His work appears regularly in The New Yorker, The New York Times Book Review, The Paris Review, and The New Republic, among other publications. McClatchy has taught at Princeton, Columbia,UCLA, and Johns Hopkins, and he is currently a professor of English at Yale University.
Since 1991, he has served as editor of The Yale Review.McClatchy has risen to an increasingly prominent role in the opera house as a librettist; writing for William Schuman’s A Question of Taste , Francis Thorne’s Mario and the Magician, Bruce Saylor’s Orpheus Descending, Tobias Picker’s Emmeline, and (with Thomas Meehan) Loren Maazel’s 1984. This spring will see the premieres of two other operas for which he has written libretti: Lowell Liebermann’s Miss Lonelyhearts and (with Julie Taymor) Elliot Goldenthal’s Grendel. He has also written a new singing translation of The Magic Flute, set to debut at the Metropolitan Opera in January.

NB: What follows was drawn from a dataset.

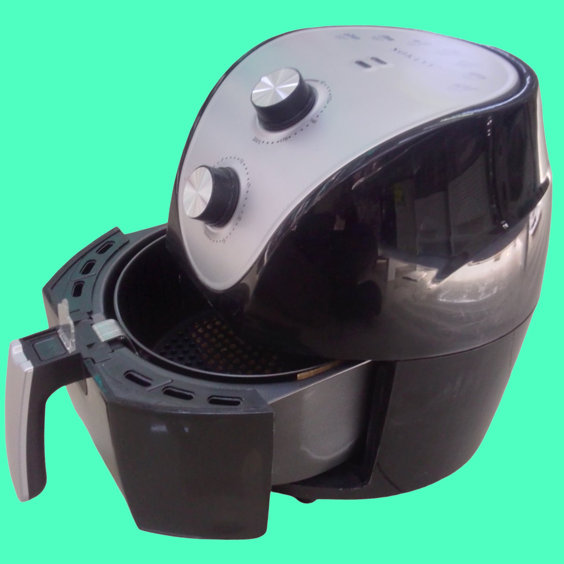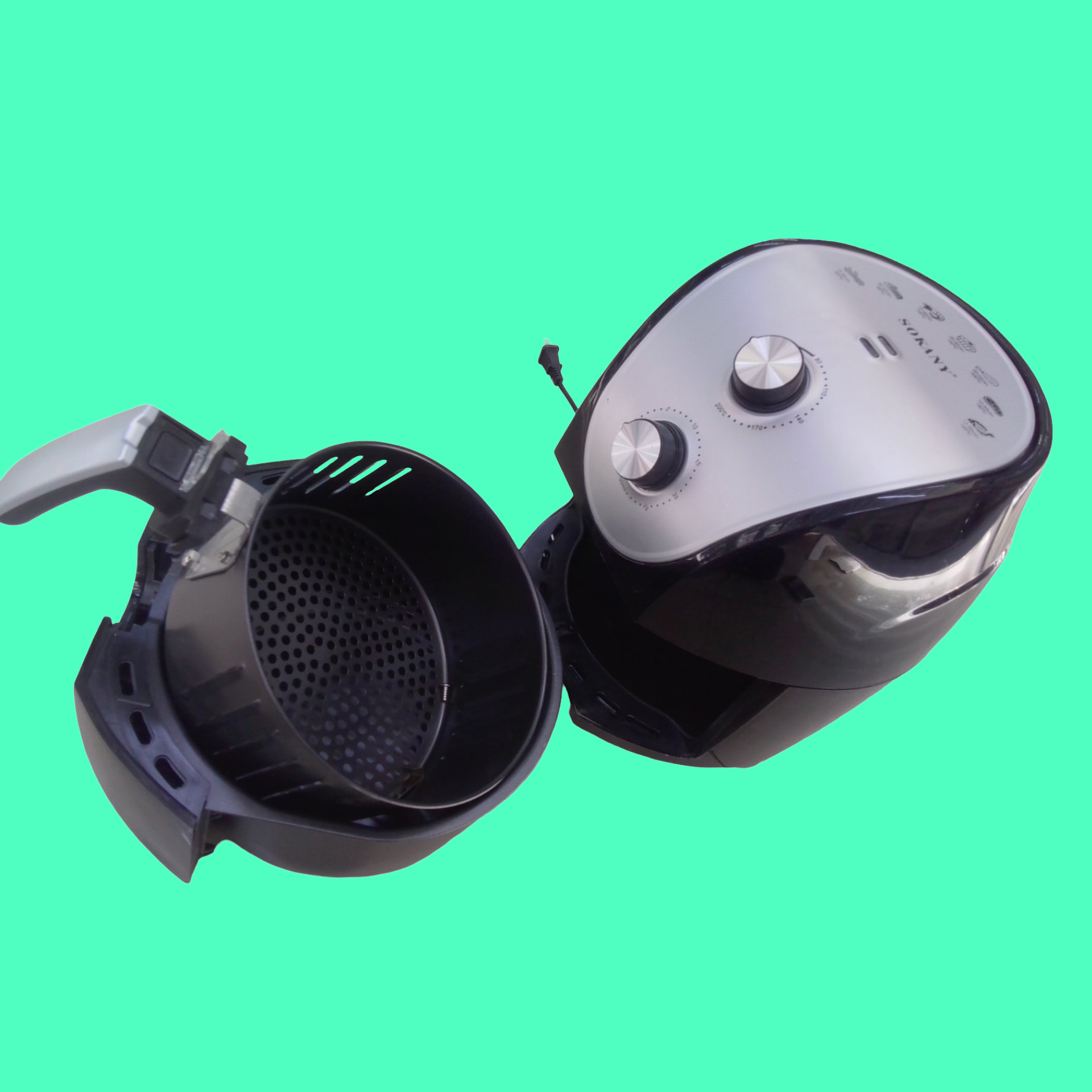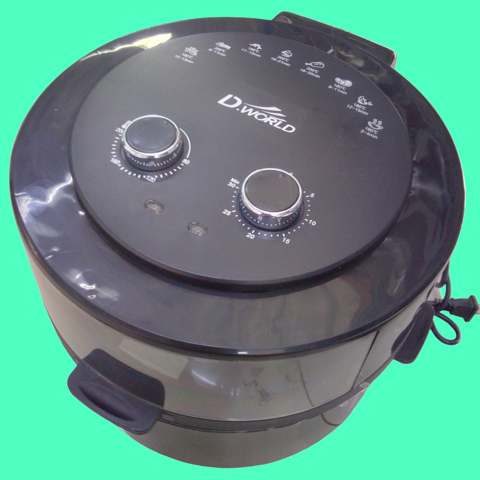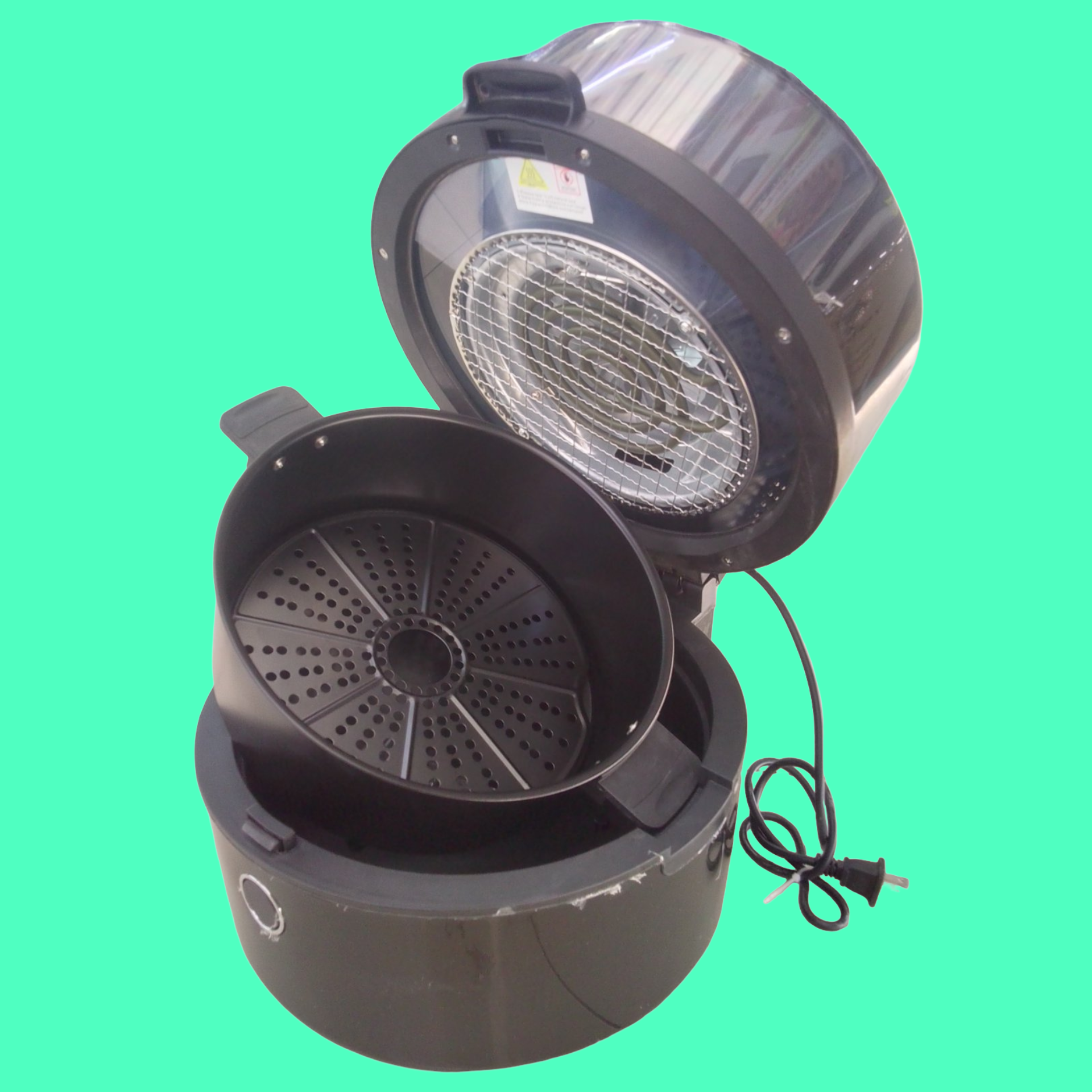 OLLA PARA COCINAR DE AIRE, TIENE TERMOSTATO TE TEMPERATURA, RELOJ TEMPORIZADOR, BANDEJAS PARA METER LOS ALIMENTOS.
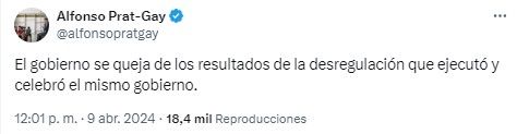En tono burlón, el exfuncionario durante el Gobierno de Mauricio Macri escribió en su cuenta de la red social X: "El Gobierno se queja de los resultados de la desregulación que ejecutó y celebró el mismo Gobierno".

He is a chancellor of the Academy of American Poets, a fellow of the American Academy of Arts and Sciences, and a member of the American Academy of Arts and Letters. Among other honors, he has received grants from both the Guggenheim Foundation and the National Endowment for the Arts.
A 1991 award citation states, “McClatchy writes with an authentic blend of cognitive force and savage emotional intensity. His complex sense of our historical overdetermination is complemented by his concern for adjusting the balance between his own poems and tradition. It may be that no more eloquent poet will emerge in his American generation.